Disease began to attack the silkworms in Europe; the production of Italian and other silk became precarious, and inadequate to the demands of the manufacturing trade. Into the vacuum thus created supplies from China were ready to pour in, and highly remunerative prices awaited them. The export from Shanghai for the year 1856 was very large, and the result encouraged growers and native and foreign merchants to put forth still greater efforts in the following year, when the shipments from that port reached 90,000 bales, worth probably £10,000,000 sterling. These shipments, thrown on the market during the money panic of 1857, resulted disastrously, but the impetus given to the trade continued to be felt during many subsequent years.

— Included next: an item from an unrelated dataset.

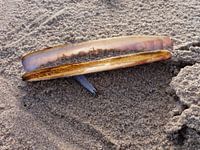 Een scheermes-schelp op het strand van Zandvoort.
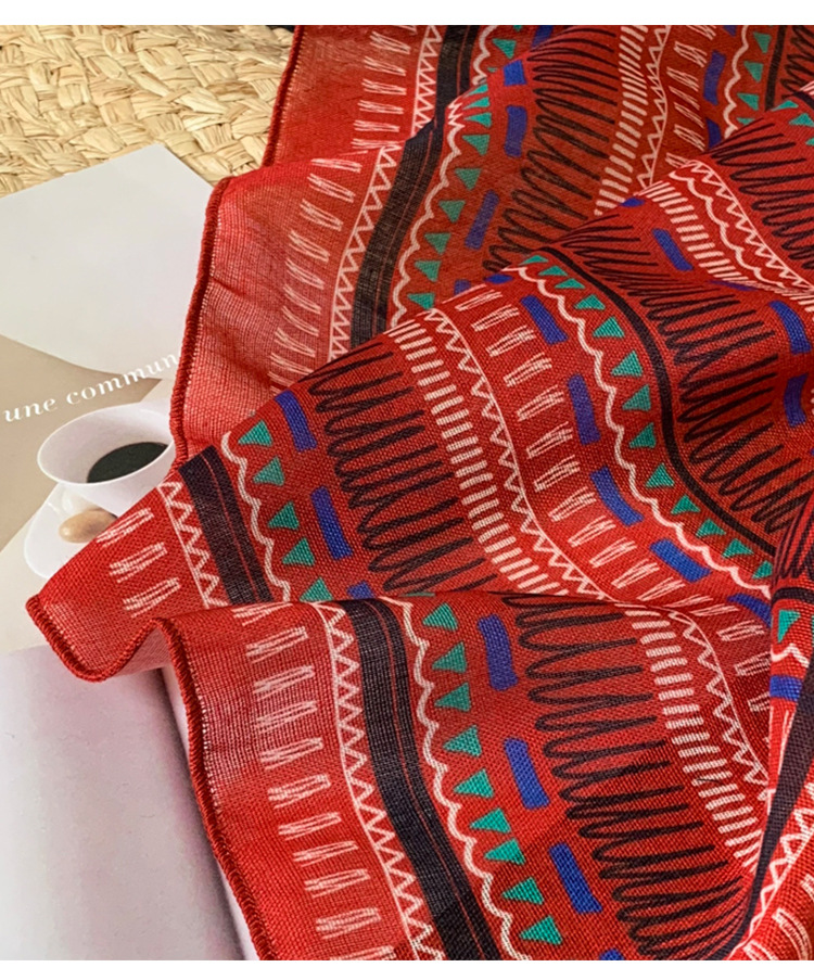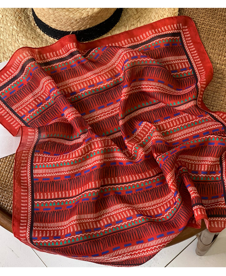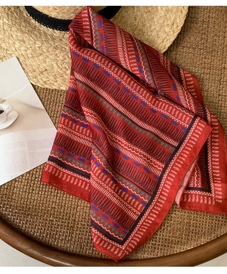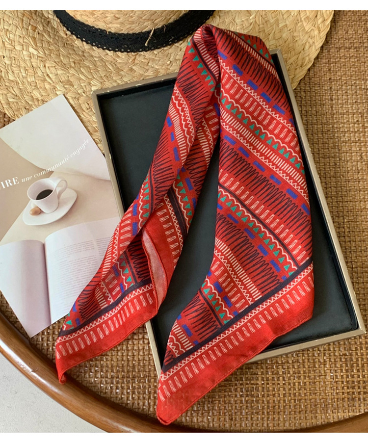 빈티지 레드 코튼 및 리넨 헤어 밴드 실크 스카프 작은 스퀘어 스카프 여성의 봄과 가을 스카프 넥타이 가방 장식 스카프 발가락 포장 스카프 올 매치

The Italians in the meanwhile, driven to their wits' end to save so valuable an industry, tried first to obtain healthy seed from China and Japan. The first experiments being unsuccessful, the eggs having hatched during the voyage, steamers were specially chartered and carefully fitted up with conveniences for preserving the precious commodity. Experiment was also made of sending the seed by the caravan route through Siberia to save the risk of premature incubation. In fact, Jason's quest of the Golden Fleece was scarcely characterised by more varied adventures than that of the Italians—the French also joining to a certain extent—after a healthy breed of silkworm. After many years of anxious and almost desperate efforts, some success was obtained in introducing Chinese and Japanese seed into Europe; but the produce of the exotic seed also in time became liable to attacks of the parasite, and it was not till science came to the aid of the cultivators that the true remedy was finally applied, and an important item in the national wealth of Southern Europe was saved. It was M. Pasteur who eventually furnished the means of detecting in the egg the germ of the destructive parasite; so that by sorting out the infected eggs and destroying them the race was purified. Thus the way was opened for the restoration of European culture to more than its pristine prosperity; for the many valuable lessons which the cultivators learnt in the school of their adversity have stood them in good stead now that fortune has again smiled upon them.
Notwithstanding the revival of European silk-culture, the silks of China and Japan and other Eastern countries still hold their own in the Western markets, and continue to form an important constituent of the export trade of the Far East.[22] The European markets to which they are consigned are no longer indeed English, but French, German, American, and others, the last forty years having witnessed a revolution in the silk industries of Great Britain, and a virtual transference of the old industries of Spitalfields, Norwich, Macclesfield, and other districts to her manufacturing rivals.